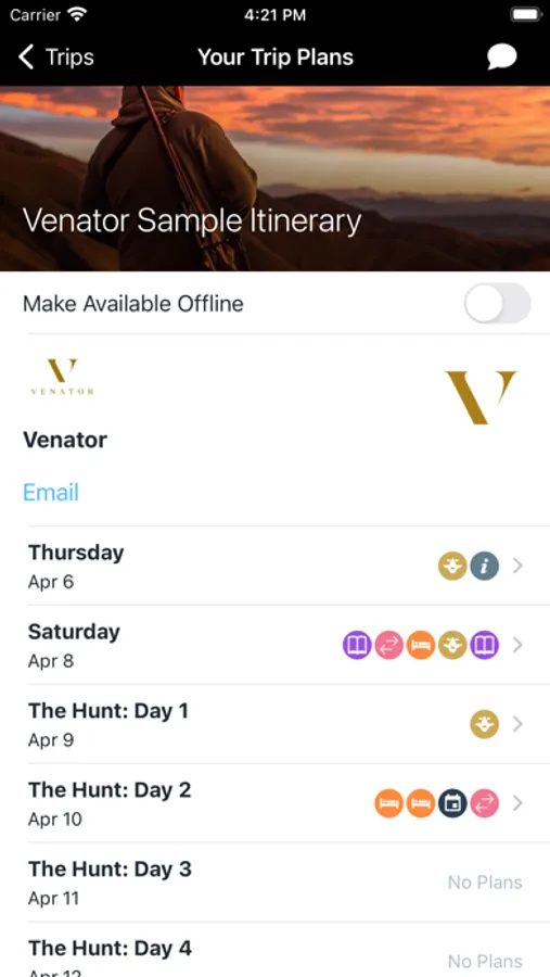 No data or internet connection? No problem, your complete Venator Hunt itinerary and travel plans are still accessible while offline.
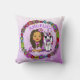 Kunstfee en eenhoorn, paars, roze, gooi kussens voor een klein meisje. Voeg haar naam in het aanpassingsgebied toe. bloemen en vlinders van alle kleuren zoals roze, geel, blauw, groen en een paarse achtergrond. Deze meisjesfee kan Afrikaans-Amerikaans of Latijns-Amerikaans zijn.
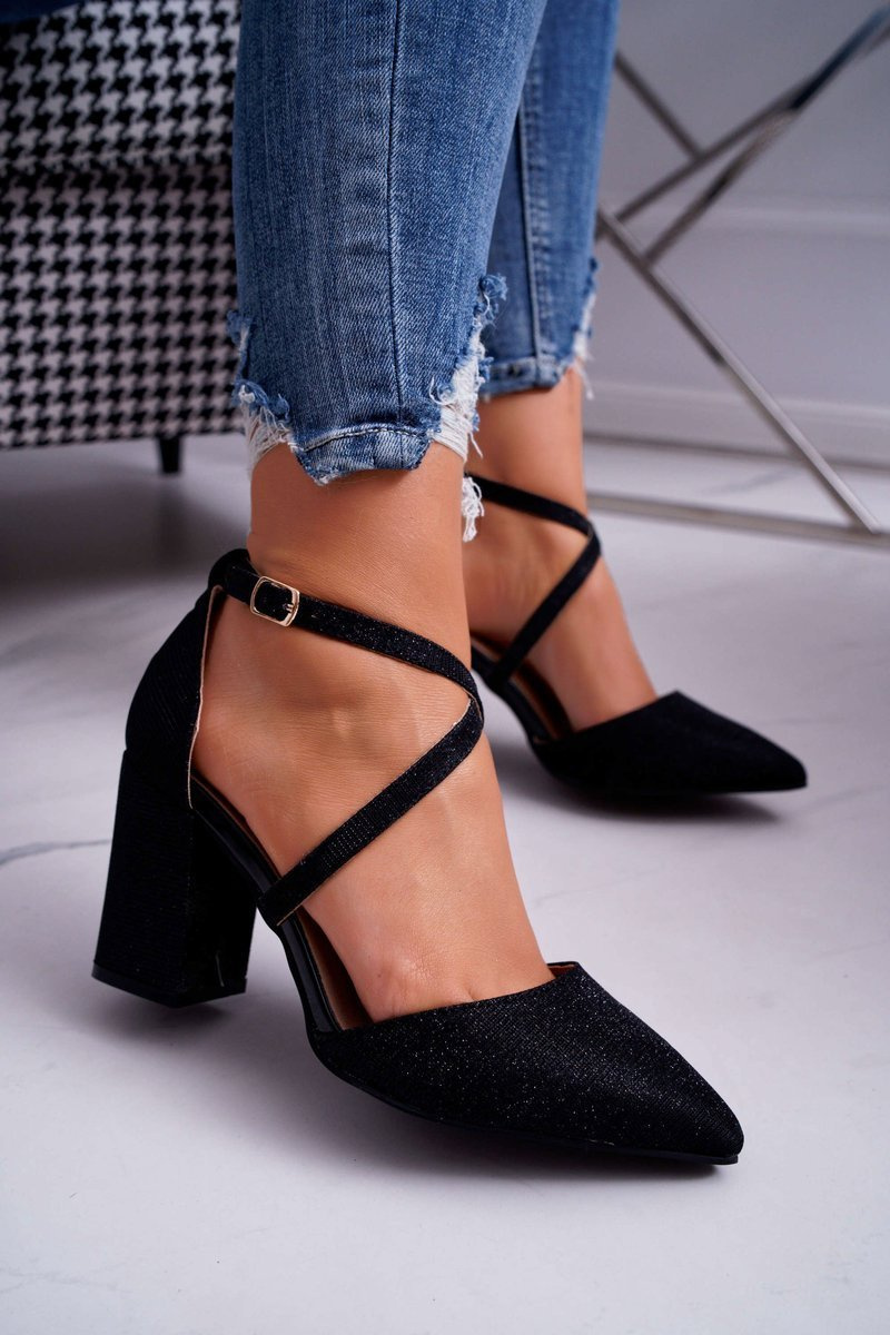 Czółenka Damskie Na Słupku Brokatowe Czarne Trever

--

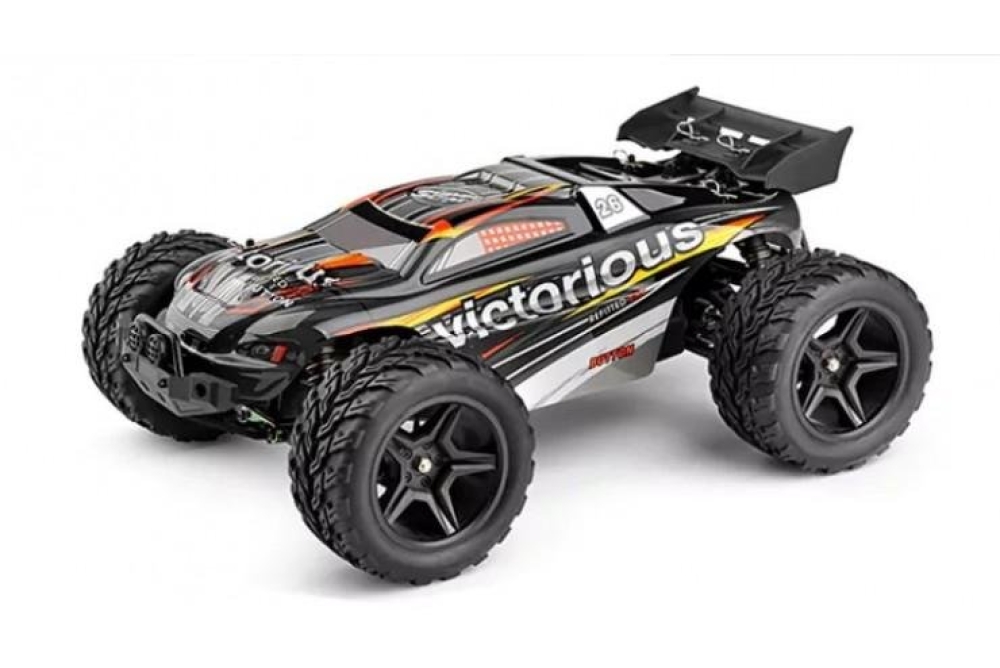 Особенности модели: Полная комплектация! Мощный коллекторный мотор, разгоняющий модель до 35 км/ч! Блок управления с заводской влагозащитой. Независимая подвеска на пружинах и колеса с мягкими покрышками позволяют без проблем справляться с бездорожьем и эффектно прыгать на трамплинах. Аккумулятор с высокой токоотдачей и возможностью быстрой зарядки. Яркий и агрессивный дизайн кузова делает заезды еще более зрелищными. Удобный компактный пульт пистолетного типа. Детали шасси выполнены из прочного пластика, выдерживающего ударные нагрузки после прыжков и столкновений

--

→ ASSIGNED TASK:
After locating the line containing "Kunstfee en eenhoorn, paars, roze, gooi" in the entries above, return it and every line after it exactly, ending at the line containing "Czółenka Damskie Na", without pictures.

→ ANSWER FOR THIS EXERCISE:
 Kunstfee en eenhoorn, paars, roze, gooi kussens voor een klein meisje. Voeg haar naam in het aanpassingsgebied toe. bloemen en vlinders van alle kleuren zoals roze, geel, blauw, groen en een paarse achtergrond. Deze meisjesfee kan Afrikaans-Amerikaans of Latijns-Amerikaans zijn.
 Czółenka Damskie Na Słupku Brokatowe Czarne Trever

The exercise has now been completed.